◆ **Entries shown**
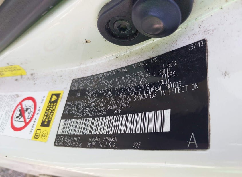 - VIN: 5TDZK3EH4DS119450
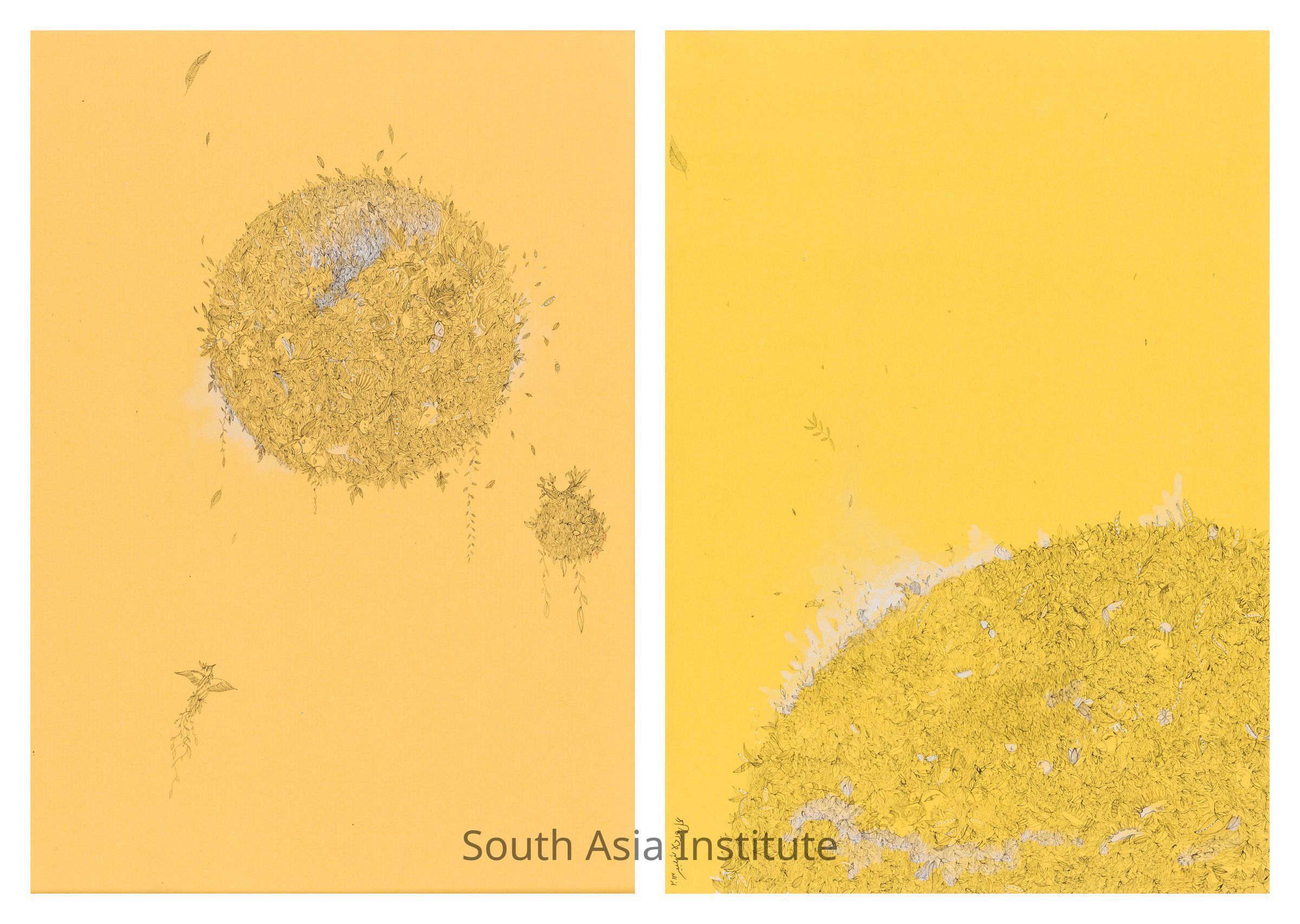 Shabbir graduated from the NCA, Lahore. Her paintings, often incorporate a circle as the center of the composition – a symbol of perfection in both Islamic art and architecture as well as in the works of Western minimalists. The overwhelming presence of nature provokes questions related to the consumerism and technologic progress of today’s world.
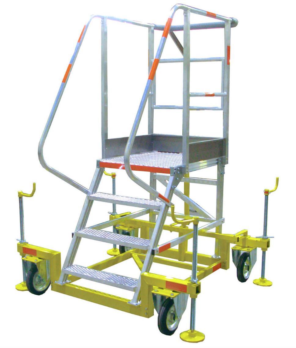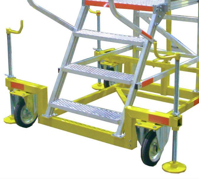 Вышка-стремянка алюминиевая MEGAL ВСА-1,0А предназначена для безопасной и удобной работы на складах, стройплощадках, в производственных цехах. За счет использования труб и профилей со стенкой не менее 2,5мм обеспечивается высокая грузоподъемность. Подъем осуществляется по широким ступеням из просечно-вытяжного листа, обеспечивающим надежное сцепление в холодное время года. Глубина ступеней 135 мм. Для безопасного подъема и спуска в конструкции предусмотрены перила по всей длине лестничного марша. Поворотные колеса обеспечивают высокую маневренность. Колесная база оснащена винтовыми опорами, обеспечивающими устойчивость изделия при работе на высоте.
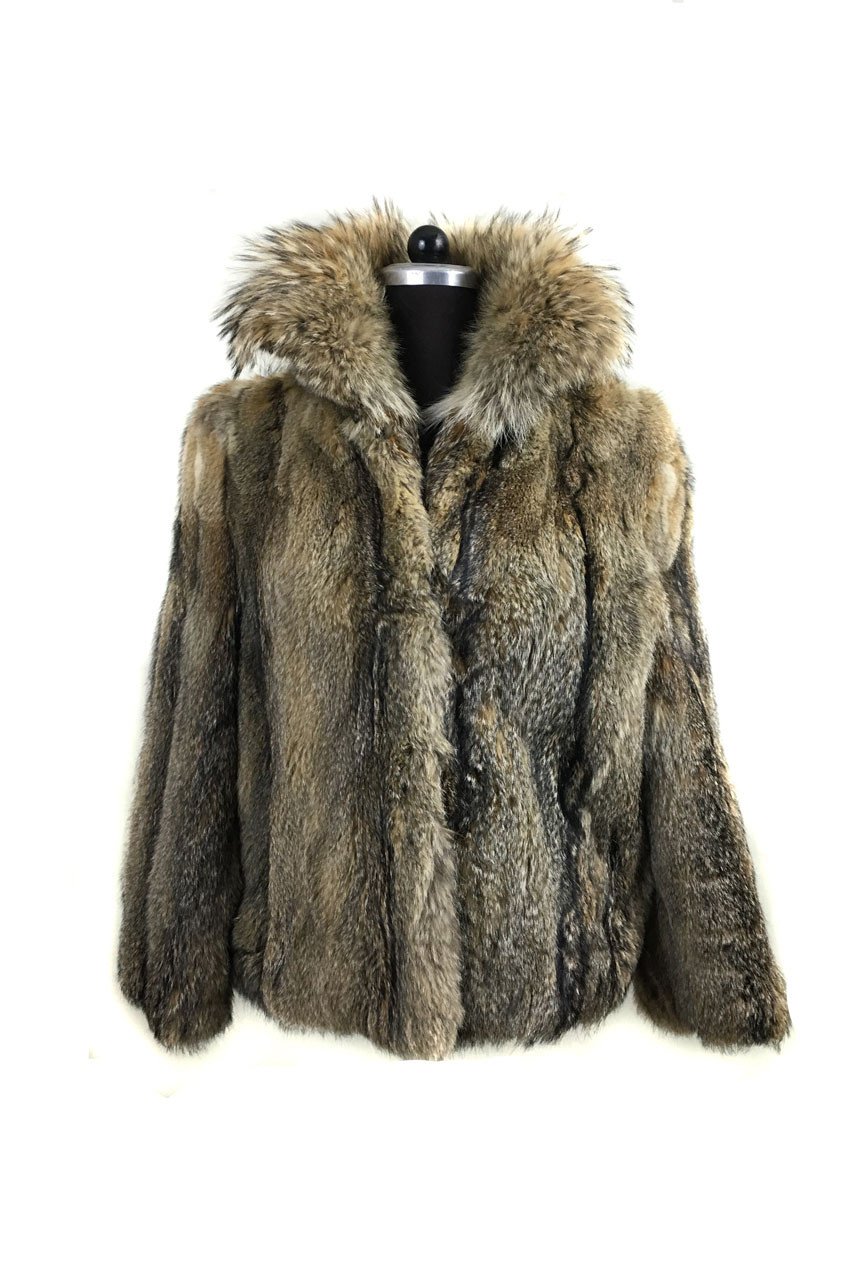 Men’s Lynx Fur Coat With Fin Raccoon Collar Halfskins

---

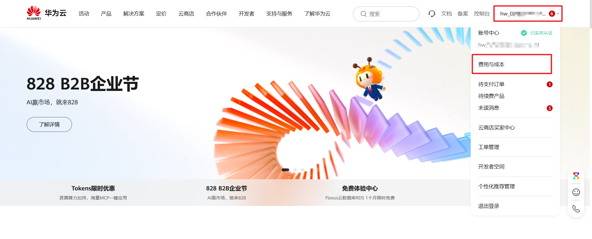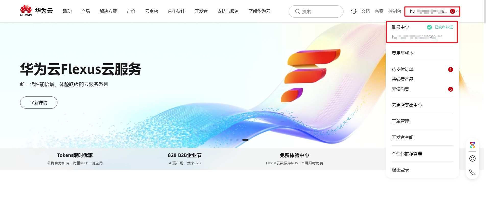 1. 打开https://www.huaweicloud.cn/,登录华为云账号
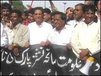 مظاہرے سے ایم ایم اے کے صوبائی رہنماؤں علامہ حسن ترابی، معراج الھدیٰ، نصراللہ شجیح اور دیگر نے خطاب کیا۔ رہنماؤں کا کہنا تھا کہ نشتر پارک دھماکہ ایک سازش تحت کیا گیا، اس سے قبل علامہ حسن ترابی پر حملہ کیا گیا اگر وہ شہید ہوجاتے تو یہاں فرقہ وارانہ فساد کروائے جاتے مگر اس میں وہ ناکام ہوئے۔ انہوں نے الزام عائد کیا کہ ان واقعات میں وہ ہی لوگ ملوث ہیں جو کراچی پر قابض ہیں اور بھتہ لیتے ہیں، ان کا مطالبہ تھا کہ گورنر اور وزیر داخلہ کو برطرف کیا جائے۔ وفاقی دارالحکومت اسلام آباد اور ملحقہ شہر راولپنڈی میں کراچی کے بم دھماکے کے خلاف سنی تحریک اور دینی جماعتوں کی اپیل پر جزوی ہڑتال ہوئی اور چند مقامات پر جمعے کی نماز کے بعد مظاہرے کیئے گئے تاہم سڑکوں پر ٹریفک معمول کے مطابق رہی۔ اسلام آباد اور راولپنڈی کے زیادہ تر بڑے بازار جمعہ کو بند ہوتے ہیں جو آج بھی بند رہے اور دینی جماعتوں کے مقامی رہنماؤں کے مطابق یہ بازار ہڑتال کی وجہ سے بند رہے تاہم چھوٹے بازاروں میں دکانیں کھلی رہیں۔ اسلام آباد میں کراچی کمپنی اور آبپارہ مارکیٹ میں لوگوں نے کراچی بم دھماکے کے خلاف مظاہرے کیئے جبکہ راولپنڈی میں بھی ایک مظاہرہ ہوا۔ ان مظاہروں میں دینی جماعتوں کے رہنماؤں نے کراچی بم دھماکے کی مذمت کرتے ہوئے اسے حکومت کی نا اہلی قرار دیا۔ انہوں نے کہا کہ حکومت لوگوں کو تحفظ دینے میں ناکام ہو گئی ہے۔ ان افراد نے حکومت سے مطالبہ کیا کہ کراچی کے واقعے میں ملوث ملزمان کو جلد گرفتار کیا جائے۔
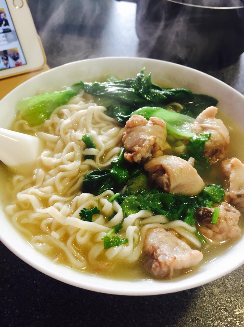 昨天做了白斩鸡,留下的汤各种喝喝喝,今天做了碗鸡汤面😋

◆ **What the exercise asks**
Using the data above, output the line that has "مظاہرے سے ایم", the line that has "昨天做了白斩鸡,留下的汤各种喝喝喝,今天做了碗鸡汤面😋", and whatever lines fall between, each exactly as it stands and without pictures.

◆ **Solution for this problem**
 مظاہرے سے ایم ایم اے کے صوبائی رہنماؤں علامہ حسن ترابی، معراج الھدیٰ، نصراللہ شجیح اور دیگر نے خطاب کیا۔ رہنماؤں کا کہنا تھا کہ نشتر پارک دھماکہ ایک سازش تحت کیا گیا، اس سے قبل علامہ حسن ترابی پر حملہ کیا گیا اگر وہ شہید ہوجاتے تو یہاں فرقہ وارانہ فساد کروائے جاتے مگر اس میں وہ ناکام ہوئے۔ انہوں نے الزام عائد کیا کہ ان واقعات میں وہ ہی لوگ ملوث ہیں جو کراچی پر قابض ہیں اور بھتہ لیتے ہیں، ان کا مطالبہ تھا کہ گورنر اور وزیر داخلہ کو برطرف کیا جائے۔ وفاقی دارالحکومت اسلام آباد اور ملحقہ شہر راولپنڈی میں کراچی کے بم دھماکے کے خلاف سنی تحریک اور دینی جماعتوں کی اپیل پر جزوی ہڑتال ہوئی اور چند مقامات پر جمعے کی نماز کے بعد مظاہرے کیئے گئے تاہم سڑکوں پر ٹریفک معمول کے مطابق رہی۔ اسلام آباد اور راولپنڈی کے زیادہ تر بڑے بازار جمعہ کو بند ہوتے ہیں جو آج بھی بند رہے اور دینی جماعتوں کے مقامی رہنماؤں کے مطابق یہ بازار ہڑتال کی وجہ سے بند رہے تاہم چھوٹے بازاروں میں دکانیں کھلی رہیں۔ اسلام آباد میں کراچی کمپنی اور آبپارہ مارکیٹ میں لوگوں نے کراچی بم دھماکے کے خلاف مظاہرے کیئے جبکہ راولپنڈی میں بھی ایک مظاہرہ ہوا۔ ان مظاہروں میں دینی جماعتوں کے رہنماؤں نے کراچی بم دھماکے کی مذمت کرتے ہوئے اسے حکومت کی نا اہلی قرار دیا۔ انہوں نے کہا کہ حکومت لوگوں کو تحفظ دینے میں ناکام ہو گئی ہے۔ ان افراد نے حکومت سے مطالبہ کیا کہ کراچی کے واقعے میں ملوث ملزمان کو جلد گرفتار کیا جائے۔
 昨天做了白斩鸡,留下的汤各种喝喝喝,今天做了碗鸡汤面😋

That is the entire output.